To address these obstacles, many strategies have been developed, especially with regard to the synthetic methods. At present, many synthetic routes have been reported,^17–20 including solid-state reaction, co-precipitation method, sol–gel method, molten salt synthetic method and others. Among these methods, the molten salt method is a simple and versatile way to prepare highly crystalline cathode materials by using molten salt as the solvent and/or reactants.^21–25 Additionally, in the molten liquid environment, reactions are primarily decided by chemical equilibria and proceed much faster than diffusion-controlled solid-state reactions.^20,25 Despite these advantages, some inherent shortcomings also exist. For example, the eutectic molten salts of KCl, NaCl, KNO₃ or LiNO₃–LiCl are required in large excess compared to the starting transition metal salts in order to provide sufficiently liquid conditions to promote transition metal atom diffusion; usually a molar ratio of n_{(starting materials)} : n_{(molten salt)} is 1 : 3 or 1 : 4, or even higher is used.^20–23 Hence, the use of molten salts would not only cause unnecessary water waste and increase environmental pressure, as much deionized water or alcohol is needed to wash the product to remove the excess Li-salts or KCl or NaCl salts, but it also increases the cost from an economic perspective as a large excess of molten salt is consumed. Furthermore, although the reactions in molten media are decided by chemical equilibria, if the starting materials cannot be mixed thoroughly then inhomogeneous phases appear in the product and deteriorate the electrochemical performance.
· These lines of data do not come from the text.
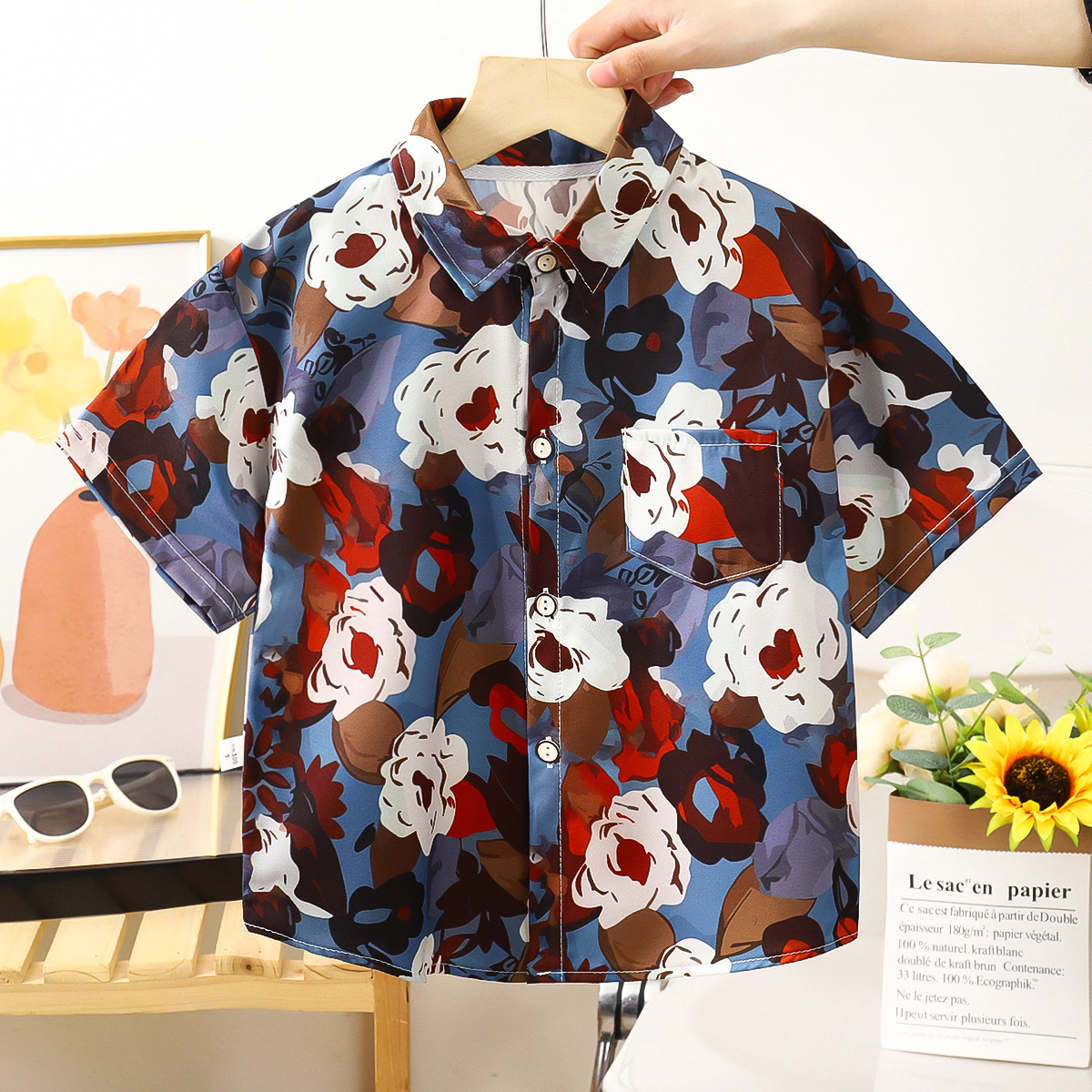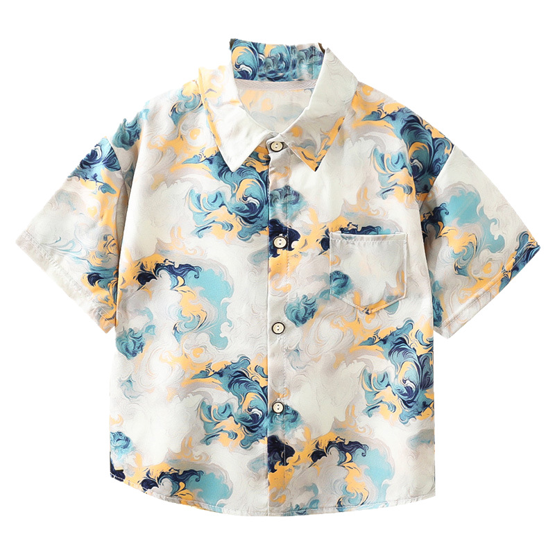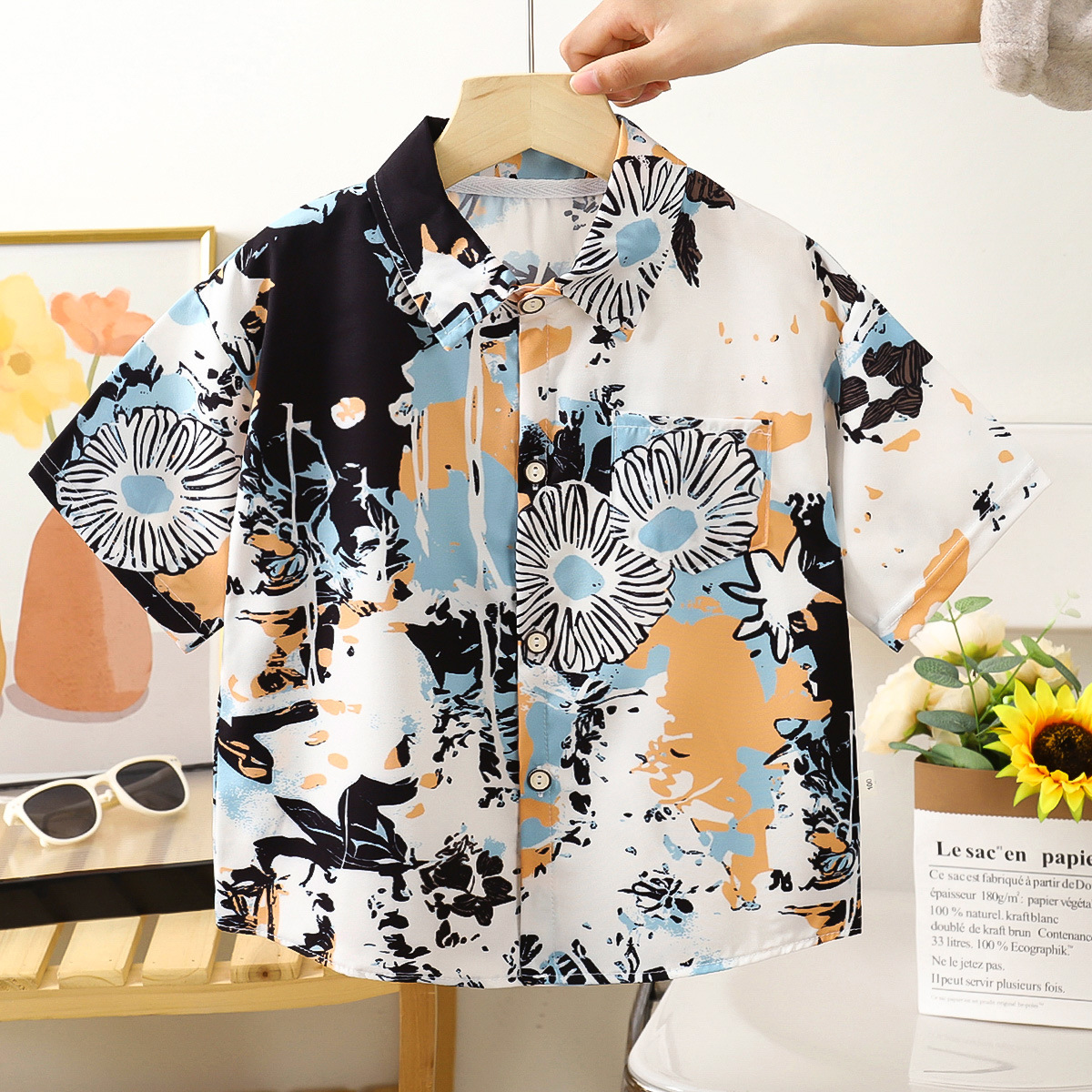 Детская рубашка с короткими рукавами летняя корейская рубашка для мальчиков топ детское пальто детская одежда Гонконг стиль повседневная тенденция оптом
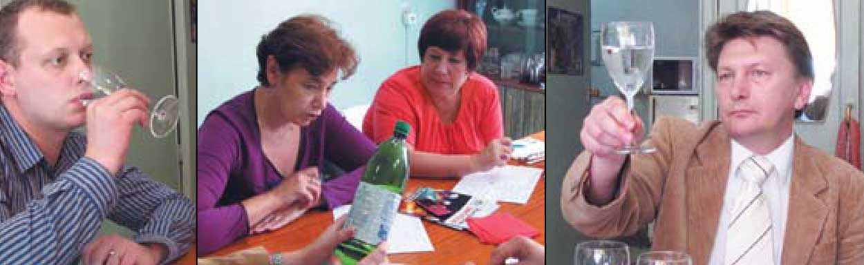 Сначала эксперты дегустировали питьевую негазированную воду, после чего настал черед минеральных лечебно-столовых напитков. Профессионалы придирчиво всматривались в прозрачность пяти, казалось бы, абсолютно одинаковых образцов, принюхивались к содержимому бокалов и внимательно прислушивались к отзывам рецепторов, попробовав воду на вкус. Периодически особо осведомленные моментально угадывали известную марку минеральной воды по одному лишь запаху (профессионализм, как говорится, не пропьешь!).
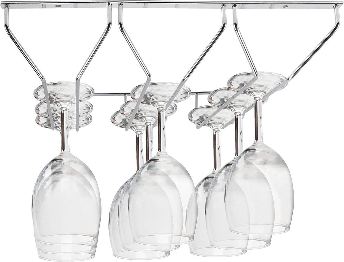 Berg uw glazen op onder een plank, kastje of bar om ruimte te besparen en het delicate glaswerk te beschermen tegen beschadiging. Houd tot 12 glazen veilig en stofvrij in dit handige rek.
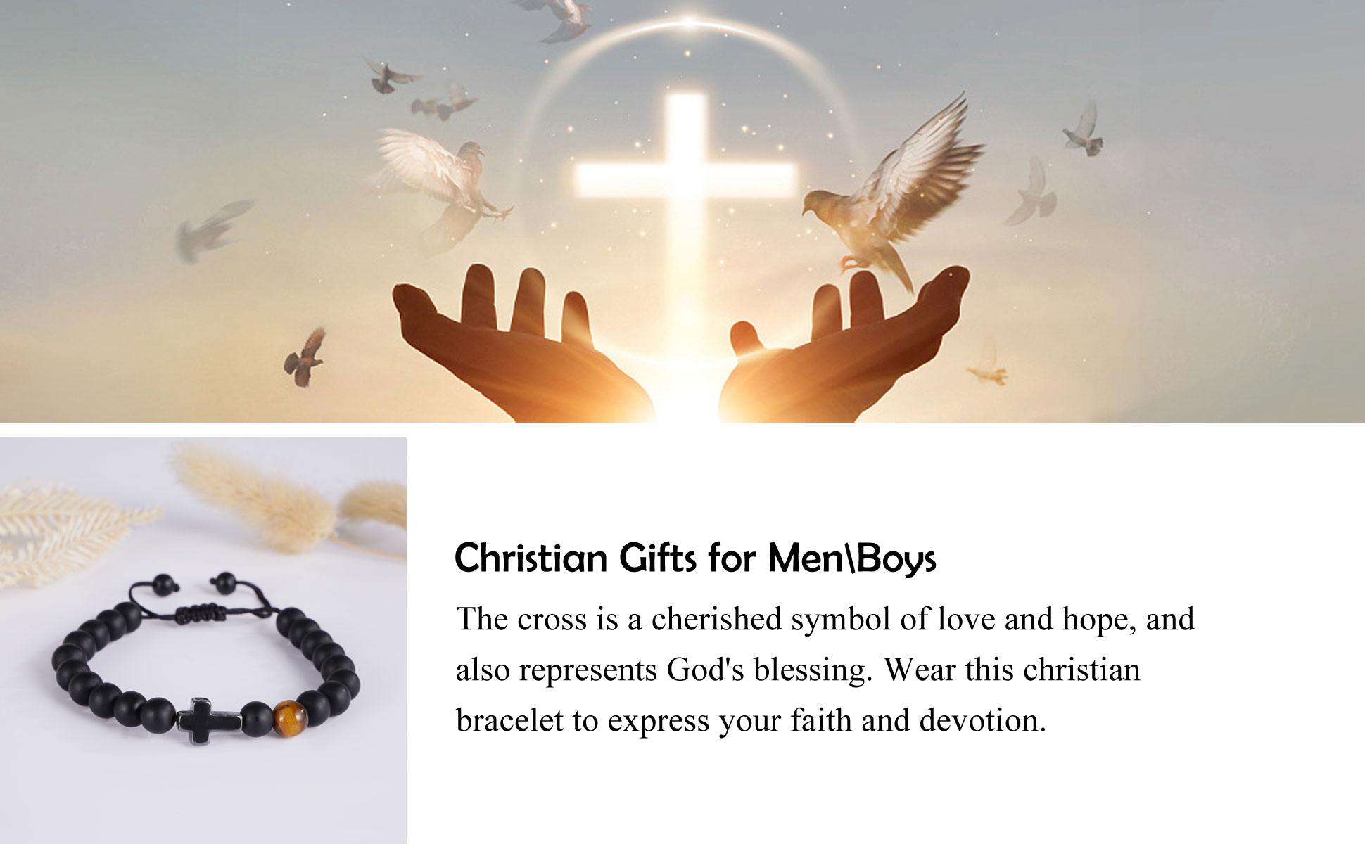 【سوار متقاطع】: الصليب هو رمز عزيز للحب والأمل. ارتدي هذا السوار المسيحي للتعبير عن إيمانك وإخلاصك. تذكر أن محبة الله ستكون موجودة دائمًا لتريحك وترشدك وتباركك. نرجو أن تشعر بدفء وراحة محبة الرب معك كل يوم.

Generally, a stoichiometric ratio of Li salt and transition metal (Mn, Ni, Co) salts and a large excess of the molten salt are mixed through simple mechanical grinding in the traditional molten salt method,^22,24,25 therefore, it is very difficult to achieve molecule-level mixing of these starting materials. Fortunately, the co-precipitation method can compensate for this defect and easily realize molecule-level mixing. This method is considered to be the optimum way to obtain a homogeneous and integrated structure, which is the most crucial factor to achieve better electrochemical properties.²⁶

In this paper we firstly propose a novel process that combines the hydroxide co-precipitation method and the molten salt method to prepare a Li_1.5Mn_0.75Ni_0.25O_2.5 electrode. It is worth emphasising that the molten salt method herein differs from the traditional one, mainly because we do not need a large excess of molten salt so that water consumption at the washing stage can be drastically reduced. This is because the transition metals have already achieved molecule-level mixing in the Mn_0.75Ni_0.25(OH)₂ precursor using a co-precipitation method. As far as we know, there have been few reports which investigate the effect of the amount of salt flux on the final materials. Hence, we employ a series of moderate excesses of 0.5LiNO₃–0.5LiOH as the eutectic molten media and reactants to synthesize the Li_1.5Mn_0.75Ni_0.25O_2.5 materials. The structure, morphology and electrochemical performance of these materials with gradually incremented amounts of Li salts are extensively investigated. Furthermore, we find that when the molar ratio of Li/M (M = Ni + Mn) is 1.85, the sample exhibits the best rate capability and optimal cycling stability with the lowest irreversible capacity loss (ICL) in the initial cycle.

2. Experimental section

2.1 Sample preparation

The layered Li_1.5Mn_0.75Ni_0.25O_2.5 material was prepared by a novel method that combined the hydroxide co-precipitation method and the molten salt method. Firstly, the Mn_0.75Ni_0.25(OH)₂ precursor was prepared by a co-precipitation method. NiSO₄·6H₂O, MnSO₄·H₂O (Ni : Mn = 1 : 3, molar ratio) were dissolved in distilled water and then pumped into continuous stirred tank reactors (CSTR) under nitrogen atmosphere. Meanwhile, a NaOH solution (8 M) and a NH₃·H₂O solution (2 M) were separately fed into the CSTR at 50 °C. The pH value was carefully controlled at 11.0 ± 0.2 and the stirring speed was maintained at around 800 rpm. Afterwards, the co-precipitated particles were washed with hot distilled water several times to remove the residual Na⁺ and SO₄²⁻. The powders were dried in a vacuum oven at 90 °C for 12 h. Then, the 0.5LiNO₃–0.5LiOH eutectic mixture, used as a molten medium and a lithium source, was mixed with the Mn_0.75Ni_0.25(OH)₂ precursor. The molar ratios of the eutectic salts to the starting material (n_(Li) : n_(M)) were set as 1.55, 1.65, 1.75, 1.85, 1.95, 2.05, respectively. All samples had 5% excess Li salt to compensate for possible Li loss during the calcinations. The obtained materials were designated as L0, L1, L2, L3, L4 and L5, respectively. The mixture was first heated at 500 °C for 6 h, and then calcined at 850 °C for 12 h in air. Afterwards, these materials were washed with a small amount of hot distilled water, and finally dried in a vacuum oven at 90 °C for 10 h to obtain the final lithiated compounds.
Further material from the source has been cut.